Pablo G. del Amo, montador de cine
Pablo González del Amo ha fallecido en Madrid los 77 años. El cine español pierde con él a un montador histórico. Por su moviola han desfilado las películas de grandes cineastas, desde Carlos Saura, con quien a partir de La caza estableció una relación profesional rara vez interrumpida, hasta el más reciente David Trueba. Pablo del Amo trabajó con casi todos: Víctor Erice, Fernán-Gómez, Aranda, Armendáriz, Gutiérrez Aragón, Miguel Picazo, García Sánchez, Basilio M. Patino, Summers, Regueiro, Chávarri, Eloy de la Iglesia, Josefina Molina, Camus, Bigas Luna, Angelino Fons, Gerardo Vera, Pilar Miró, Boráu, Gonzalo Suárez, Ricardo Franco... Raro ha sido el director que alguna vez no haya querido entregarle su película para que las imágenes adquirieran entre sus manos el tempo justo, la cadencia adecuada, la medida exacta, la pátina.
Pablo se llamaba así en homenaje a Pablo Iglesias; su padre fue un hombre combativo, a quien admiró desde niño, en aquellos días de guerra en el popular barrio de Cuatro Caminos. Heredó de él sentido de la justicia social y un estricto respeto por la disciplina. Como montador cinematográfico, Pablo del Amo se convirtió en una leyenda que tuvo su germen en la cárcel. Pasó cinco años en varios penales por pertenecer al Partido Comunista, al que se había afiliado a los 17 años. Allí coincidió con Ricardo Muñoz Suay, un buen amigo que le prestaba libros y con el que hablaba de cine: fue el encuentro que sembró la semilla. Así pues, estudió las teorías del montaje cinematográfico entre rejas, circunstancia mítica que casaba su imagen de compañero curtido con la de hombre sensible. Adquirió fama de objetividad y desapasionamiento ante las películas, y de colocar a los directores fríamente ante la realidad de su trabajo. A algunos les impulsó a rodar de nuevo secuencias, y convenció a otros de que suprimieran las que no eran fundamentales en la narración. "No contéis nunca más de lo que es necesario", aconsejaba. En 1983 recibió el Premio Nacional de Cinematografía, que no se ha vuelto a entregar a otro montador.
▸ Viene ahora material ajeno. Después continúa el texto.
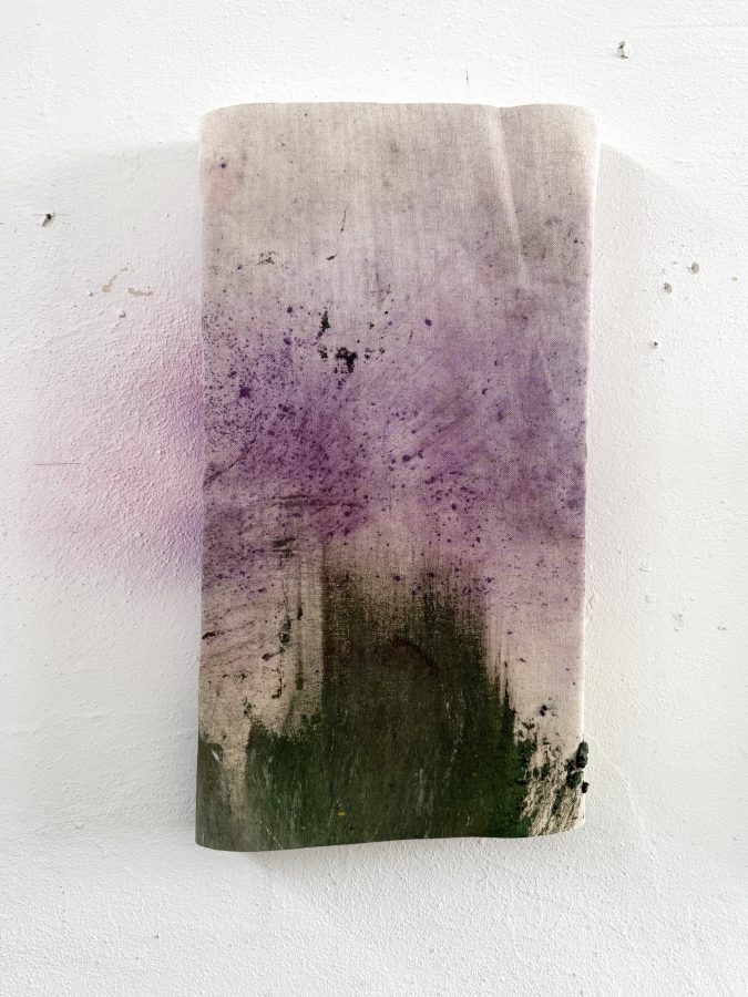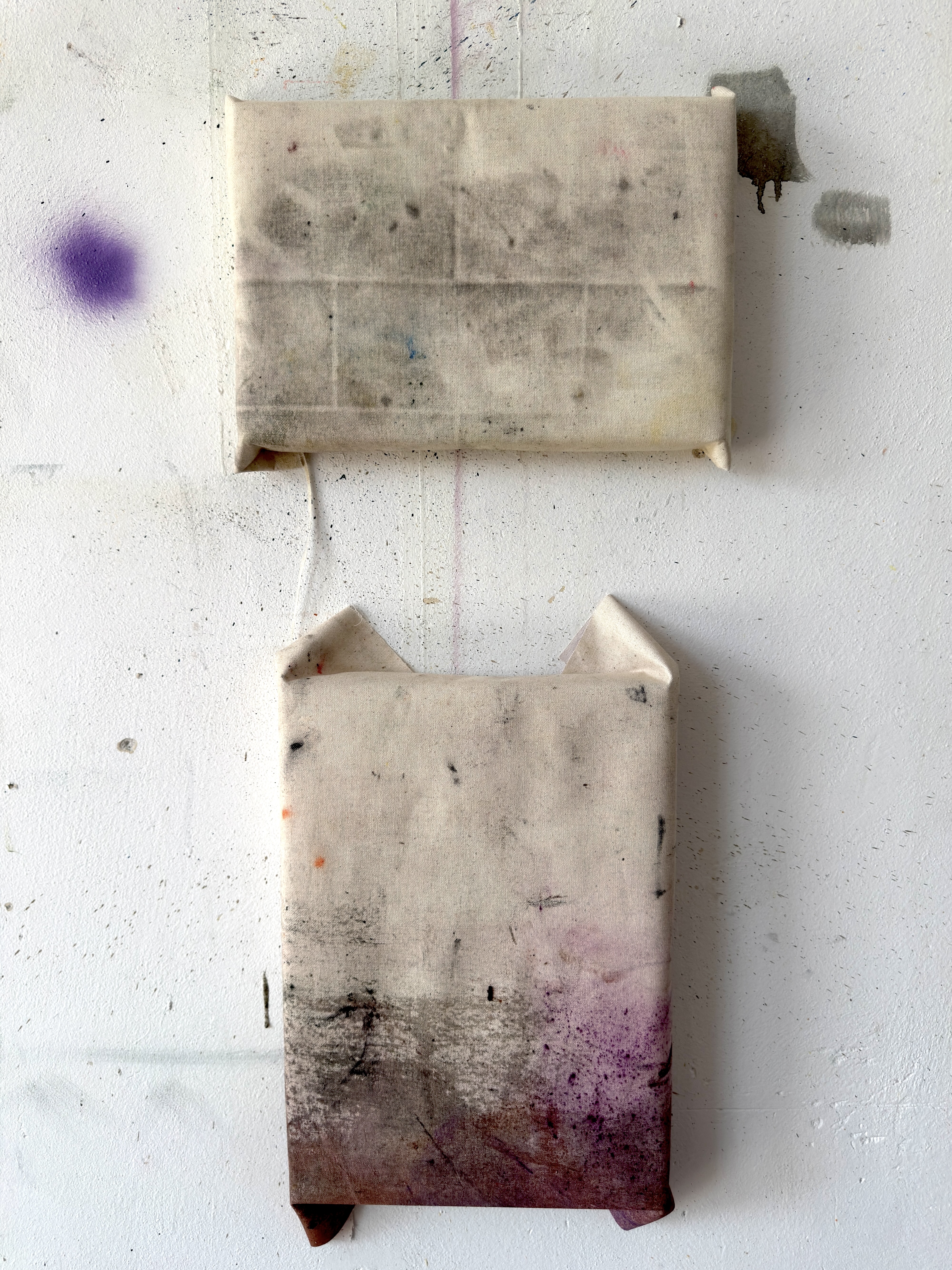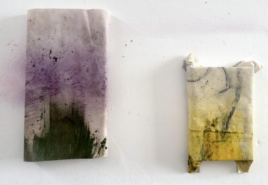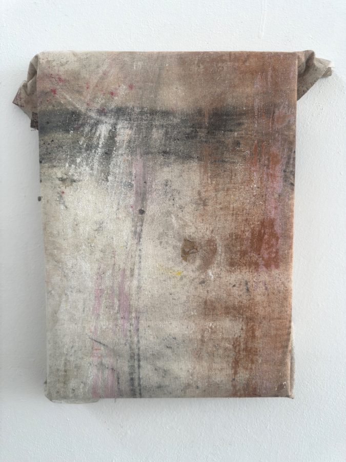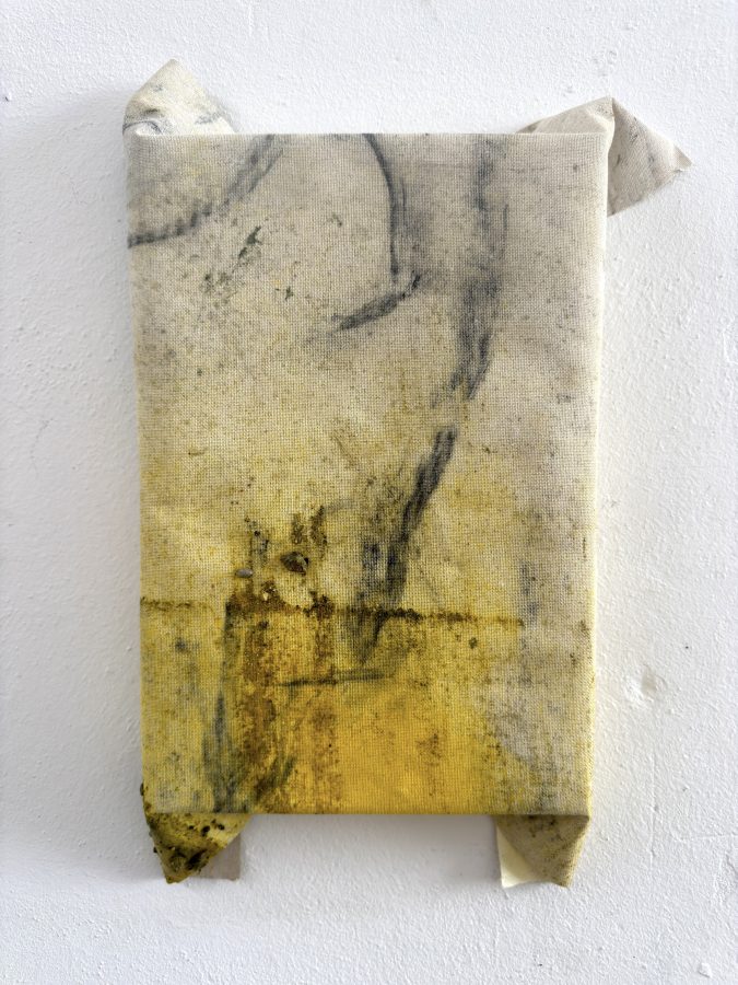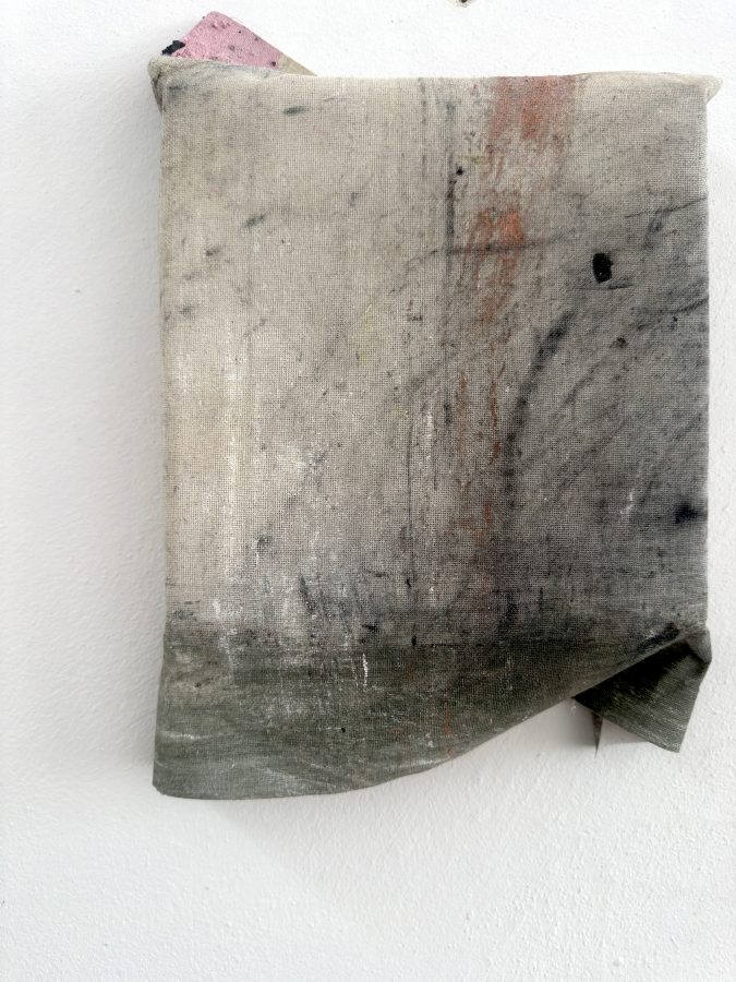 Pigmenti, carbone e ghiaia su cotone parzialmente intelaiato, dimensioni variabili

Trabajando para un documental, aún inacabado, sobre la vida de Pablo del Amo, él prefería recordar lo bueno ("si tuviera que elegir sólo dos películas, éstas serían La caza y El espíritu de la colmena"), reencontrarse con grandes amigos y con ciertos lugares: la entonces desvencijada casa de la sierra madrileña donde solía reunirse con otros resistentes al franquismo, la que Manuel Vicent ha glosado en Jardín de Villa Valeria, espejo de una generación disconforme. Le gustaba a Pablo saber de las entrevistas para dicho documental que se iban haciendo a los directores con los que había trabajado, e imponía nombres y lugares de rodaje con una autoridad que no parecía corresponder a un cuerpo y una voz, ya vencidos por la enfermedad. Tuvo fama de mal carácter. Hasta se cuenta que llegó a tirar una lata de película a la cabeza de un director, por torpe. García Sánchez, que ha montado con él casi toda su obra, observó que aquellos ataques de ira se producían cuando alguien cerraba la puerta de la sala de montaje: entonces era como si Pablo se volviera a sentir encerrado en la celda... Precisamente con dos películas de García Sánchez, Divinas palabras y Tirano Banderas, obtuvo Pablo del Amo sendos premios Goya; el tercero, por ¡Ay, Carmela!, de Saura.
Sobre este documental quería saberlo todo, quién estaba, quién iba a estar, quién se negaba a aparecer. Sabía, y lo decía, que no iba a verlo terminado. Preguntaba con delicadeza qué habían comentado. Era fácil decírselo porque todos le estaban agradecidos por su paciencia, afabilidad y lealtad: su divisa era haber estado al servicio del director, aunque fuera el productor quien le pagara. Todos los realizadores aprendieron algo de él, lo dicen, y muchas veces se quedaron fascinados ante las mil historias que contaba de su vida. Pablo era un gran hablador, de memoria asombrosa. Bastaba citarle cualquiera de las doscientas películas en las que había trabajado para que comenzara a desgranar recuerdos de su montaje con deleite y precisión, como si también los guardara en una película, incluso los de aquellas que montó en Portugal donde se exilió durante unos años, allá en los cincuenta. Fue precisamente a su regreso de Portugal, mientras montaba una película de Sarita Montiel, cuando conoció al productor Elías Querejeta, con quien desde entonces trabajó, entusiasmado con la idea de contribuir a un cine moderno y comprometido... Muchas películas a lo largo de su vida, no todas buenas, pero siempre con insobornable honradez. Un tipo legal.